Life is punctuated with stages that enable us to move through time, to follow an inner journey and to integrate into society. Each of these stages is a passage that we consider an initiation. Whether derived from a tribal (clan), religious or mysterious (magic) environment,1 they all follow a similarly precise narrative structure. The “fundamental relationship”2 hypothesis is derived here from Simone Vierne. In other words, an archetypal structure exists at the imaginary level, and from this a range of liminal3 manifestations arise in tangible reality – different in form, but identical in essence. For Vœux, Marie-Claude Bouthillier uses her personal, private and introspective version of transitional times and places in order to put diminishing boundaries into perspective. In the exhibition, the narration of these thresholds comes from a reflection inspired by the convent. In her singular language, the artist explores some of the traditional elements, such as the gate of the parlour and the starched fabric of the nun’s habit, in order to show them as articulated, visible markers of the liminal.
These two elements have a common structure and an interwoven texture that echoes the canvas. Marie-Claude Bouthillier’s reflection on the painter’s favoured support allows her to push the liminal to its climax in the labour of folding and tucking. The canvas refers not only to the artist’s support and surface. It lifts the veil on the nuns’ lives and their secluded universe. But here, the inherent solitude of the reclusive life is not synonymous with abandonment, confinement or captivity; it leads to a revealing of one’s inner depths. Furthermore, isolation is not necessarily a burden. It enables a feminine way of dialoguing with that of the sacred, giving form and body to a serene silence from which can spring insight and illumination. In Marie-Claude Bouthillier’s work, this should not be considered only from a religious point of view. Illumination also refers to the intellectual activity of the artist who works in silence, alone in her studio to create a work… her work.

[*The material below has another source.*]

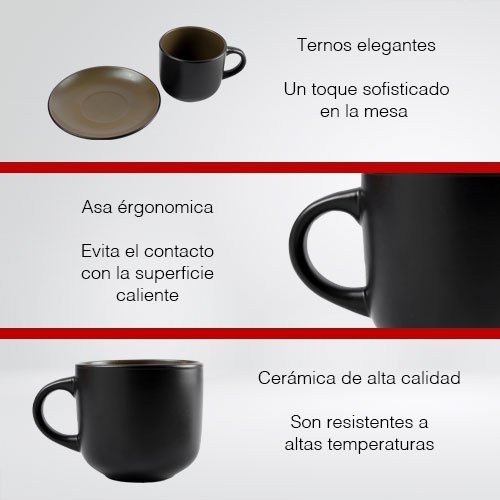Contenido: 4 tazas y 4 platos para postre, total de 8 piezas. Material: Cerámica de alta calidad, resistente y duradera. Tamaño: Platos para postre de 16.6 cm de diámetro Tazas de 9 cm de diámetro y 8.7 cm de alto Capacidad: 320 ml por taza, ideal para bebidas o postres. Diseño: Elegante combinación de colores café y negro, que aporta un toque moderno y sofisticado a tu mesa. Versatilidad: Ideal para disfrutar de postres, cafés o cualquier bebida caliente. Uso diario o especial: Perfecto para ocasiones cotidianas o eventos especiales, brindando estilo y funcionalidad.

In the exhibition, this whole process takes place through a profusion of gates and doors; thus defining the boundaries between the inside and the outside, between the religious and the secular, or again between the sacred and the profane. And facing this, everyone experiences their own limitations. Sometimes there are borders that we would like to cross but cannot; sometimes there are borders that we should, but do not want to cross. Crossing the line is to move on to something else: it is to discover and explore.
Émilie Granjon
1 In the early 20th century, leading ethnologists and religious historians Arnold Van Gennep and Mircea Eliade developed typologies that enabled such classifications.
2 Simone Vierne, Rite, roman, initiation. Grenoble: PUG, 2000, p. 8.
3 A term designating a space between two entities or a transient location.